Here is my attempt to write better performance test demo, but I not giving warranty there is no problems with it.

#include <memory>
#include <tuple>
#include <array>

class Base {
public:
  virtual ~Base() {}

  virtual int foo(int) = 0;
};

class A : public Base {
public:
  int foo(int x) override {
    return bar(x);
  }

  int bar(int x) {
    return x + 1;
  }
};

class B : public Base {
public:
  int foo(int x) override {
    return bar(x);
  }

  int bar(int x) {
    return x - 1;
  }
};

class C : public Base {
public:
  int foo(int x) override {
    return bar(x);
  }

  int bar(int x) {
    return x / 2;
  }
};

class D : public Base {
public:
  int foo(int x) override {
    return bar(x);
  }

  int bar(int x) {
    return 3*x + 1;
  }
};

auto makePointerTuple()
{
  return std::tuple{std::make_unique<A>(), std::make_unique<B>(), std::make_unique<C>(), std::make_unique<D>()};
}

auto makeValuesTuple()
{
  return std::tuple{A(), B(), C(), D()};
}

auto makeArray()
{
  return std::array<std::unique_ptr<Base>, 4>{std::make_unique<A>(), std::make_unique<B>(), std::make_unique<C>(), std::make_unique<D>()};
}

static void TestVirtualCall(benchmark::State& state) {
  auto arr = makeArray();
  int accumulator = 0;
  for (auto _ : state) {
    benchmark::DoNotOptimize(arr);
    std::apply([&accumulator](auto&... args) {
        ((accumulator = args->foo(accumulator)), ...);
      }, arr);
    benchmark::DoNotOptimize(accumulator);
  }
}
BENCHMARK(TestVirtualCall);

static void TestRegualrCall(benchmark::State& state) {
  auto t = makePointerTuple();
  int accumulator = 0;
  for (auto _ : state) {
    benchmark::DoNotOptimize(t);
    std::apply([&accumulator](auto&... args) {
        ((accumulator = args->bar(accumulator)), ...);
      }, t);
    benchmark::DoNotOptimize(accumulator);
  }
}
BENCHMARK(TestRegualrCall);


static void TestVirtualFunclWithKnownType(benchmark::State& state) {
  auto t = makePointerTuple();
  int accumulator = 0;
  for (auto _ : state) {
    benchmark::DoNotOptimize(t);
    std::apply([&accumulator](auto&... args) {
        ((accumulator = args->foo(accumulator)), ...);
      }, t);
    benchmark::DoNotOptimize(accumulator);
  }
}
BENCHMARK(TestVirtualFunclWithKnownType);

static void TestVirtualFunclWithKnownValuesType(benchmark::State& state) {
  auto t = makeValuesTuple();
  int accumulator = 0;
  for (auto _ : state) {
    benchmark::DoNotOptimize(t);
    std::apply([&accumulator](auto&... args) {
        ((accumulator = args.foo(accumulator)), ...);
      }, t);
    benchmark::DoNotOptimize(accumulator);
  }
}
BENCHMARK(TestVirtualFunclWithKnownValuesType);

In fact I'm surprised that TestVirtualFunclWithKnownValuesType produced the worst outcome on clang with libstdc++.

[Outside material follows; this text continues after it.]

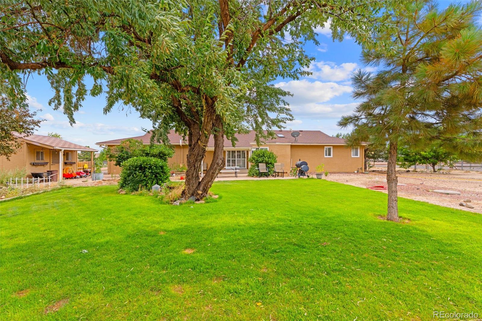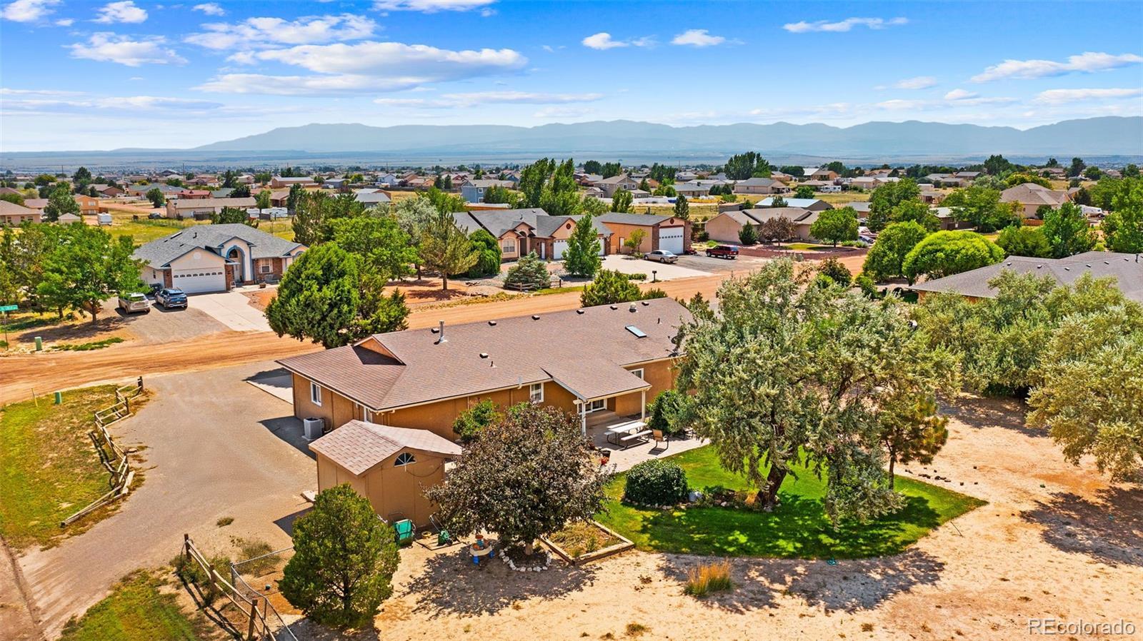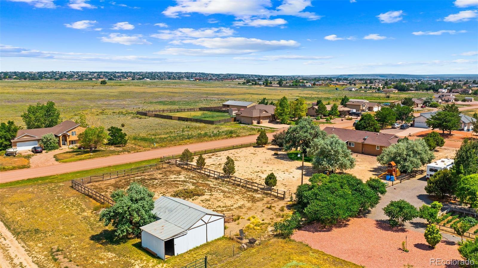 BUYERS YOUR FIRST MORTGAGE PAYMENT WON'T BE DUE UNTIL JANUARAY 2026!! Country Living at Its Best in Pueblo West! This beautifully maintained 3 bed, 3 bath, 2-car garage home sits on over an acre of peaceful land and includes a barn with attached chicken coop, raised garden beds, a built-in playset, and storage shed—perfect for those dreaming of space and freedom. The bright, open kitchen features newer white cabinets, a granite island with breakfast bar, gas range/oven, stainless appliances, and included washer & dryer. The spacious primary suite offers double vanities, a walk-in shower, and a walk-in closet, while the second bath showcases beautiful custom tile. Enjoy central A/C in summer, a cozy fireplace in winter, and over 4,000 total sq ft, including a massive unfinished basement with a dedicated office area and room to grow. The front yard is manicured, and the backyard is a gardener’s paradise. Perfect for homesteading or peaceful living just 1 hour from Colorado Springs and 50 mins to Ft Carson. Don’t miss this rare Pueblo West acreage opportunity—schedule your showing today!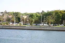 Em 12 de Outubro de 1897, o rei D. Carlos chegou a Lagos de barco, acompanhado da sua esposa Amélia de Orleães.[113] A cerimónia iniciou-se com a chegada dos escaleres trazendo o casal real e os outros convidados, que passaram pelo meio de duas alas formadas por centenas de embarcações decoradas para o efeito, e onde se encontrava uma grande multidão que lançava foguetes e saudava os reis.[113] A cidade de Lagos também foi decorada para esta visita, com ornamentos em todas as ruas desde a Praça da Constituição até à Rua da Porta de Portugal, enquanto que das janelas pendiam colchas.[113] O casal real desembarcou na Praça da Constituição e dirigiu-se para a Igreja de Santa Maria, seguindo depois para os Paços do Concelho, onde se ouviu um discurso do presidente da câmara e se tomou uma refeição.[134] Durante a cerimónia, o casal real lançou a primeira pedra para a construção do paredão, embora a obra não tenha chegado a avançar.[135] Em 1902, o governo ordenou que fossem feitas obras de reparação nas muralhas entre a Ribeira e a Porta de Portugal, depois de muitas reclamações por parte da autarquia.[136]

Note that gcc was able to optimize virtual calls if it can determine the type of the object (this is what I was warning about in comment under a question).


My questions:

  1. If virtual functions are indeed slower than regular once, how can I measure it and see for myself? What mistakes did I make in my approach?

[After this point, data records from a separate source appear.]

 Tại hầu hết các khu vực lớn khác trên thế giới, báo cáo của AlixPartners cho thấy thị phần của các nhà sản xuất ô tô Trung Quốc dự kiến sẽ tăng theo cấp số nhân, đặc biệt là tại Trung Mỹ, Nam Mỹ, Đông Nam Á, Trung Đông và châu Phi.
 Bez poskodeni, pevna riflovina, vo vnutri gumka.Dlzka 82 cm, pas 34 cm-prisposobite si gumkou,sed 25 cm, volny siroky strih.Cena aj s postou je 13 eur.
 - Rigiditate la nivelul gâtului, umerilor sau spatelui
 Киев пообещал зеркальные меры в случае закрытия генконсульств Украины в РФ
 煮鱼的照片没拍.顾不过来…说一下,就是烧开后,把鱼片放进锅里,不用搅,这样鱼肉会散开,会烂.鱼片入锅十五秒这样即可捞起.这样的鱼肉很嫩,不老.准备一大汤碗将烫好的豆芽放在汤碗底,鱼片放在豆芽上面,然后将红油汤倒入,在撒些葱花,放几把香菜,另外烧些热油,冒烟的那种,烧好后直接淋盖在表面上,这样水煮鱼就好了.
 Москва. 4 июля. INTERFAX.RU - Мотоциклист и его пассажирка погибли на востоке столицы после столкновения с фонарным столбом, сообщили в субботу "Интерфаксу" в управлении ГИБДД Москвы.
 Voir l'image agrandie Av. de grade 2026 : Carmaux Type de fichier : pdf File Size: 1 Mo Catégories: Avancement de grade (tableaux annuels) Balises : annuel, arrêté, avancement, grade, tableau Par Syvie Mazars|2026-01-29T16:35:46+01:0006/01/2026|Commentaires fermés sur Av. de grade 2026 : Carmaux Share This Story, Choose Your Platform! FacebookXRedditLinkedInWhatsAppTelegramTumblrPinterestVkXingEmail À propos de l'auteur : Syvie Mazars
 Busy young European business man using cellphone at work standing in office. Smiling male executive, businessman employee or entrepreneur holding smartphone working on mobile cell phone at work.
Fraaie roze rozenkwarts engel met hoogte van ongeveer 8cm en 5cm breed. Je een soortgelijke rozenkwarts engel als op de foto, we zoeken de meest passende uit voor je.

I suspect that in your code, this line:

benchmark::DoNotOptimize(b->VirtualFoo());

Compiler moved fetch of address of virtual function outside testing loop. p doesn't change, so address of virtual function doesn't change too, so fetching it can be done before testing loop. Adding this line can change a lot:

benchmark::DoNotOptimize(b);
  1. Why in this tests I sometimes see virtual functions being slower than regular once?

How nay times did you run your test? Are you sure you didn't reached timer limitations and you see just pure statistical fluctuations?